*** Given information Section Begins ***
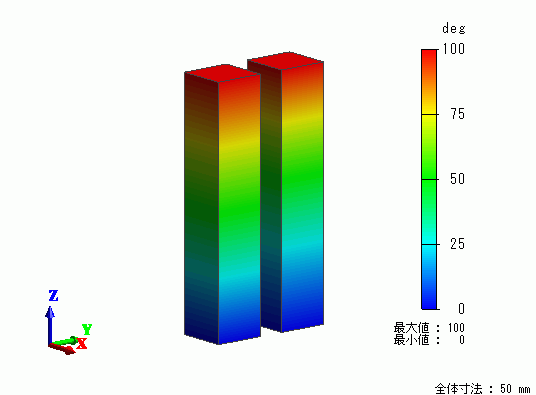 異なる熱伝導率を有する導体材料に共通の温度境界条件を与えた場合の過渡解析例を示します。
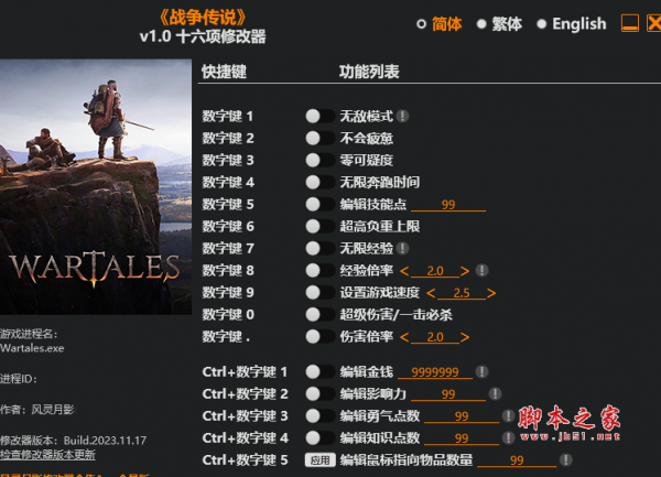战争传说十六项修改器由作者“风灵月影”制作,战争传说是一款中世纪背景开放世界角色扮演游戏,带领一群并非高大尚的角色,探索庞大严酷的世界寻求恶名与财富,修改器具有无敌模式,不会疲惫,零可疑度,无限奔跑时间,无限经验,超高负重上限等十六项功能,喜欢的玩家千万不要错过哦。
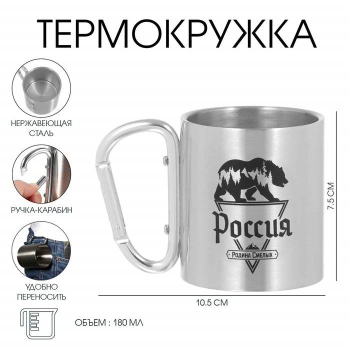 Термокружка, 180 мл, Карабин "Россия - родина смелых", 7.5 х 10.5 см
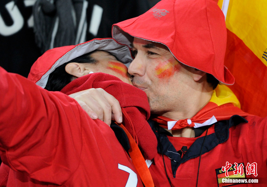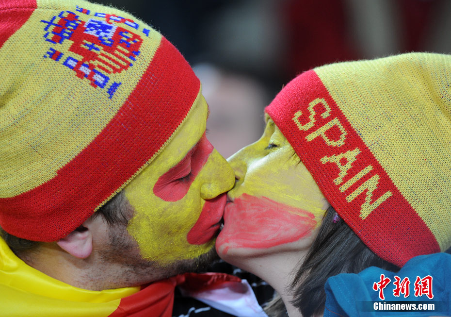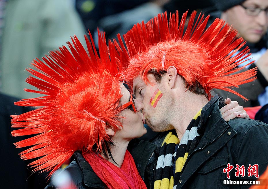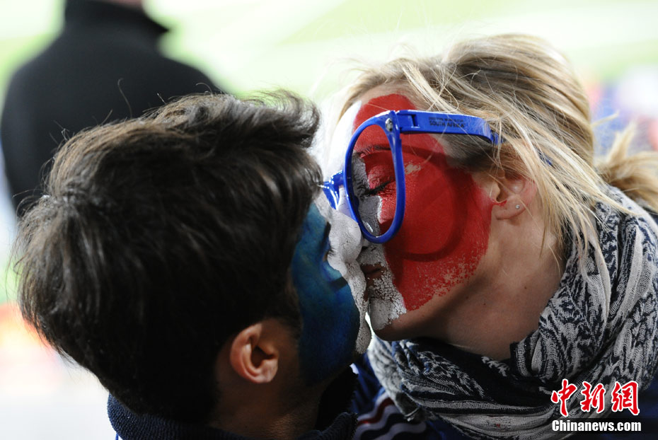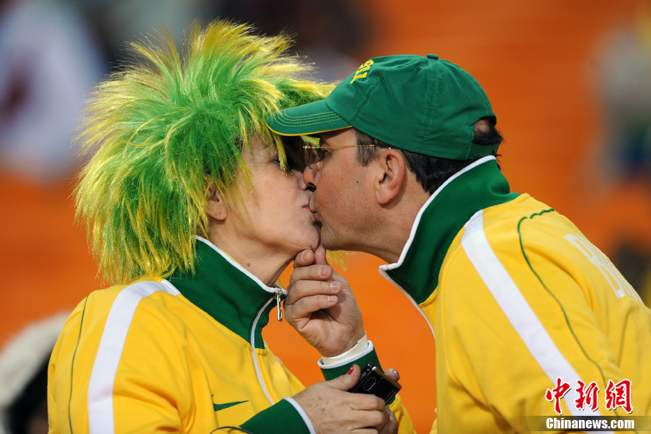 足球讓女人走開不是真理,與愛人共同享受足球之魅才是幸福?磁_(tái)上愛侶的濃情蜜意著實(shí)讓人羨慕,情到深處的深深一吻,獻(xiàn)給愛人,也獻(xiàn)給令人癡迷的世界杯。中新社記者 廖攀 攝
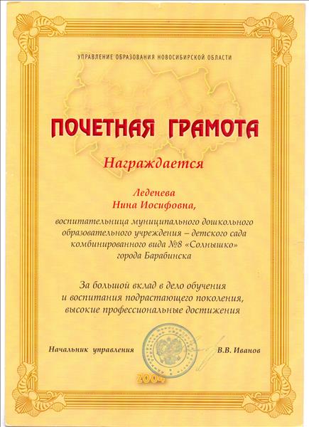04.02.2018ПОЧЁТНАЯ ГРАМОТА Управления образования НСО за большой вклад в дело обучения и воспитания подрастающего поколения, высокие профессиональные достиженияФайл
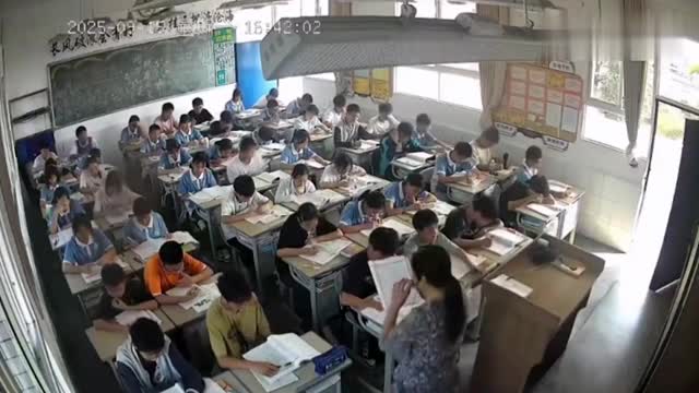 CCTV footage shows a teacher delivering a lecture and students listening attentively when tremors suddenly hit. They raised their heads in unison before ducking beneath their desks. 2025-09-17 13:17:45
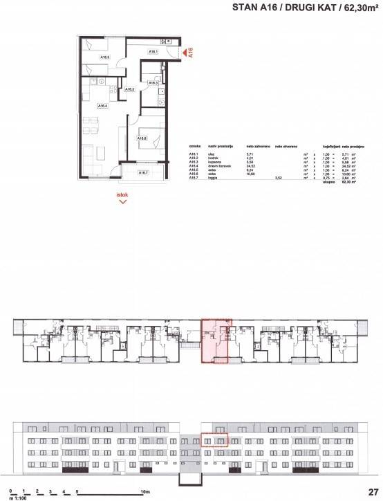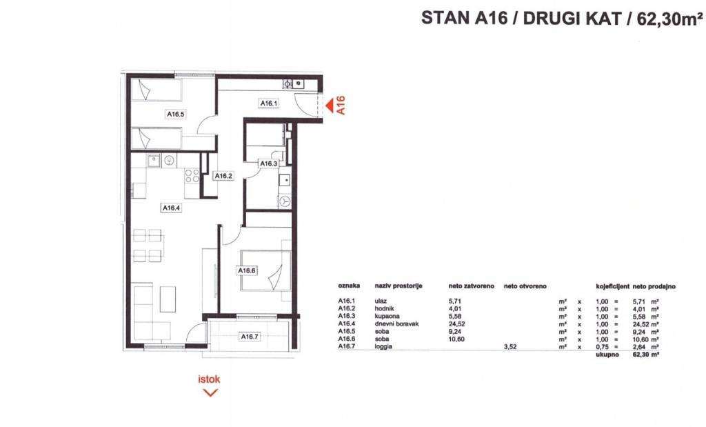 Stan A16: 3-sobni, 2. kat, neto korisne površine 62,30 m2, sastoji se od ulaznog prostora, dnevnog boravka s kuhinjom i blagovaonicom, dvije spavaće sobe, kupaonice i loggie.
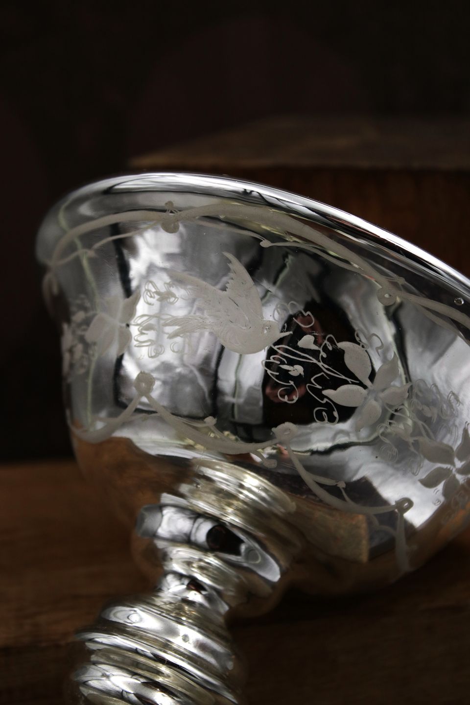 French 19th century bowl on foot in poor man's silver (Mercury glass) with fine etched decoration with birds and leafy tendrils. Height: 15cm. Dia.: 14.5cm.Item number: Fattigmandssølv skål nr.5
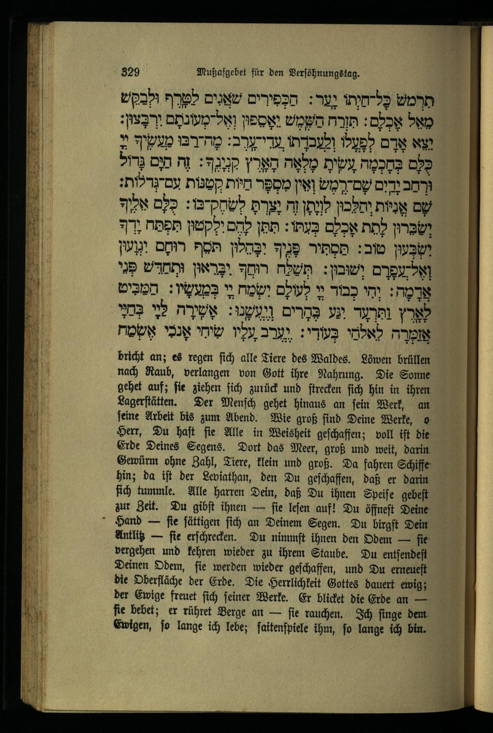 תפילה שחרית ליום כפור Morgengebet für den Versöhnungstag.
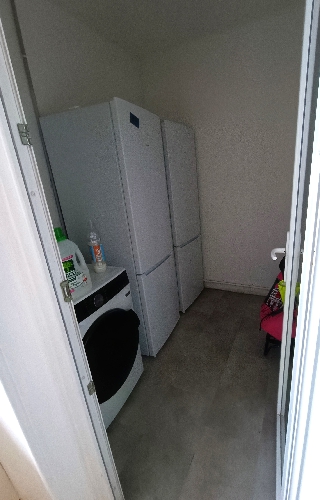 L’appartement dispose d’une cuisine équipée comprenant un micro-ondes et un four, ainsi que deux réfrigérateurs avec compartiment congélateur. Un salon lumineux avec balcon offre un espace convivial pour se détendre. Une salle de bain, un WC indépendant et une machine à laver sont également à disposition des occupants.
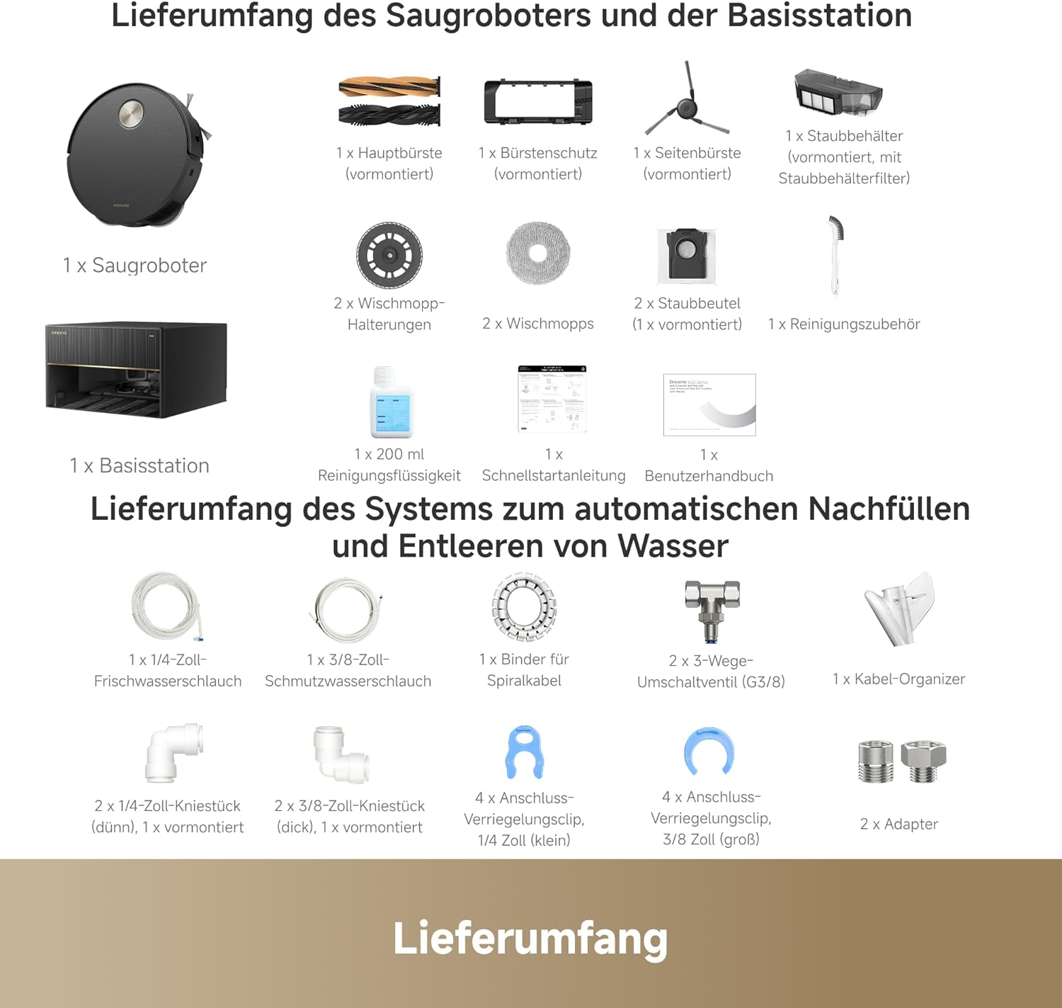 - Schwellen und Hindernisse überwinden: Mit seinen einfahrbaren Roboterbeinen überwindet der X50 Ultra Complete Türschienen, Schwellen und Hindernisse bis zu 6 cm. Er verwendet Stoßdämpfer, Silikonpads und ein OmniDirtional-Rad, um Stöße und Geräusche zu minimieren und so ein sanfteres und leiseres Reinigungserlebnis zu gewährleisten.
*** Given information Section Ends ***
*Required action*
When you retype the material above, keep every word exact and drop the images.

*Task answer*
 異なる熱伝導率を有する導体材料に共通の温度境界条件を与えた場合の過渡解析例を示します。
战争传说十六项修改器由作者“风灵月影”制作,战争传说是一款中世纪背景开放世界角色扮演游戏,带领一群并非高大尚的角色,探索庞大严酷的世界寻求恶名与财富,修改器具有无敌模式,不会疲惫,零可疑度,无限奔跑时间,无限经验,超高负重上限等十六项功能,喜欢的玩家千万不要错过哦。
 Термокружка, 180 мл, Карабин "Россия - родина смелых", 7.5 х 10.5 см
 足球讓女人走開不是真理,與愛人共同享受足球之魅才是幸福?磁_(tái)上愛侶的濃情蜜意著實(shí)讓人羨慕,情到深處的深深一吻,獻(xiàn)給愛人,也獻(xiàn)給令人癡迷的世界杯。中新社記者 廖攀 攝
04.02.2018ПОЧЁТНАЯ ГРАМОТА Управления образования НСО за большой вклад в дело обучения и воспитания подрастающего поколения, высокие профессиональные достиженияФайл
 CCTV footage shows a teacher delivering a lecture and students listening attentively when tremors suddenly hit. They raised their heads in unison before ducking beneath their desks. 2025-09-17 13:17:45
 Stan A16: 3-sobni, 2. kat, neto korisne površine 62,30 m2, sastoji se od ulaznog prostora, dnevnog boravka s kuhinjom i blagovaonicom, dvije spavaće sobe, kupaonice i loggie.
 French 19th century bowl on foot in poor man's silver (Mercury glass) with fine etched decoration with birds and leafy tendrils. Height: 15cm. Dia.: 14.5cm.Item number: Fattigmandssølv skål nr.5
 תפילה שחרית ליום כפור Morgengebet für den Versöhnungstag.
 L’appartement dispose d’une cuisine équipée comprenant un micro-ondes et un four, ainsi que deux réfrigérateurs avec compartiment congélateur. Un salon lumineux avec balcon offre un espace convivial pour se détendre. Une salle de bain, un WC indépendant et une machine à laver sont également à disposition des occupants.
 - Schwellen und Hindernisse überwinden: Mit seinen einfahrbaren Roboterbeinen überwindet der X50 Ultra Complete Türschienen, Schwellen und Hindernisse bis zu 6 cm. Er verwendet Stoßdämpfer, Silikonpads und ein OmniDirtional-Rad, um Stöße und Geräusche zu minimieren und so ein sanfteres und leiseres Reinigungserlebnis zu gewährleisten.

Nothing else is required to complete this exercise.